A Life in the Theater, an early (1977) play by David Mamet, is a funny, gentle, and too-quickly-passing ninety-minute tribute to the craft of acting and the bond between actors. In twenty-six short scenes, David Wolber and Loren Bass play actors in a repertory company slogging through a season. We spy on them not only in their dressing room and at rehearsal, but also from offstage as we watch snatches of their performances on a fictional stage, the footlights toward our eyes. The series of "plays" in which they perform is a wickedly ridiculous schmaltzfest, more like the lowlights of someone's very long B-movie career than one season in a professional theater season, but no matter.

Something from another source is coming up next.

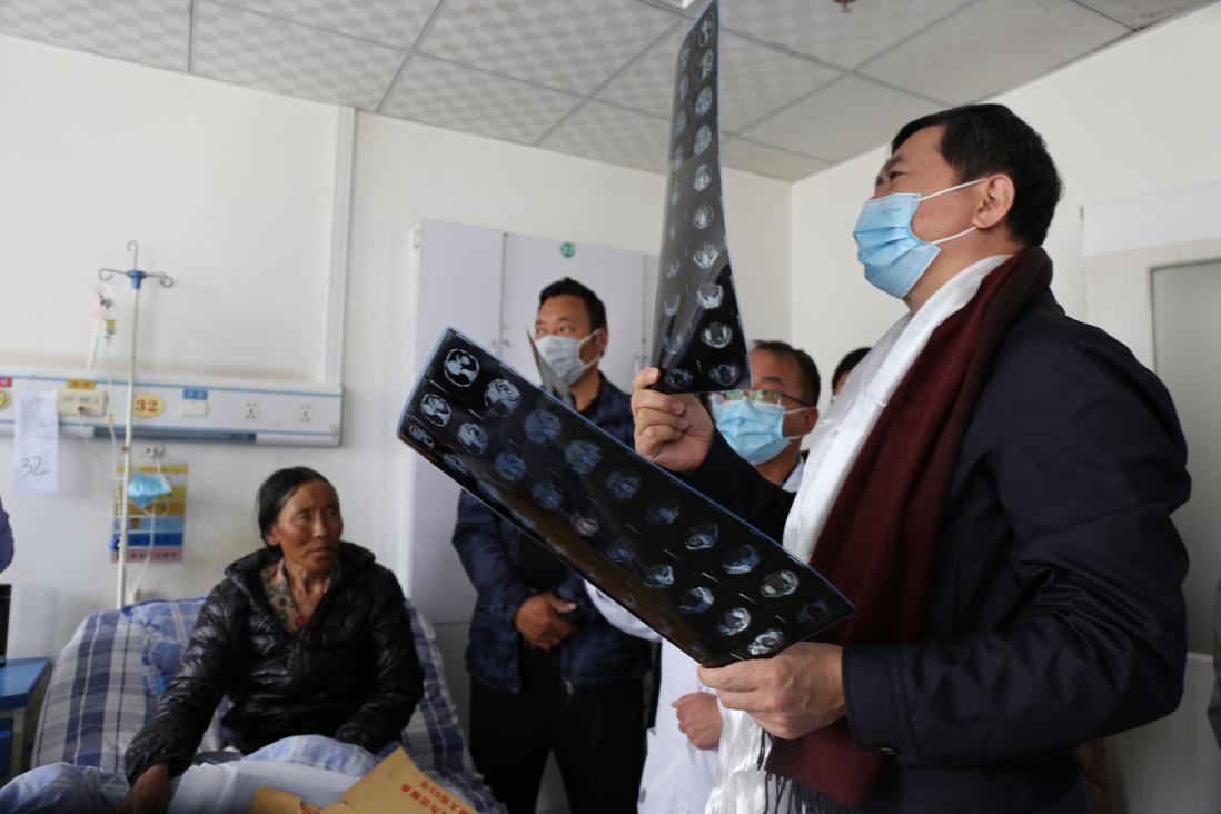 董家鸿(右)在青海大学附属医院开展义诊查房

Mamet, who is now solidly part of the contemporary canon, made his name as part of a little flowering of American arts in the 1970s and 1980s that gloried in the androcentric. It was as if a whole generation of art were inspired by Butch Cassidy and the Sundance Kid, as movies, books, and plays explored — luxuriated almost — in counting the many ways of male bonding: buddies homoerotic-style, father-son-style, Bickersons-style. Playwright Sam Shepard, the Steppenwolf and Goodman theaters in Chicago, James Dickey, Jim Harrison, and Tom McGuane were a few of the big names in this testosterone-soaked cohort. Mamet's trademark contribution is dialogue that mimics how people really do talk, with all the repetitions, trail-offs, and non sequiturs.

While some of the work of that era is now about as appealing as old gym socks, Mamet's still seems deep and real, always about genuine fault lines and seismic movement in human interactions. This play is about two men, one old, one young, and the passing of the torch. It's about theater as a sacrament. It's about the dailiness of life, the moments of poetry bookending toil and irritation. It's also funny and fast paced, and John Seibert's director's note in the program even provides a good orientation to Mamet's complex view of the world — something you might otherwise miss, for Mamet is never particularly heavy handed with his messages.

A Life in the Theater continues its run at Performance Network through Sunday, June 11.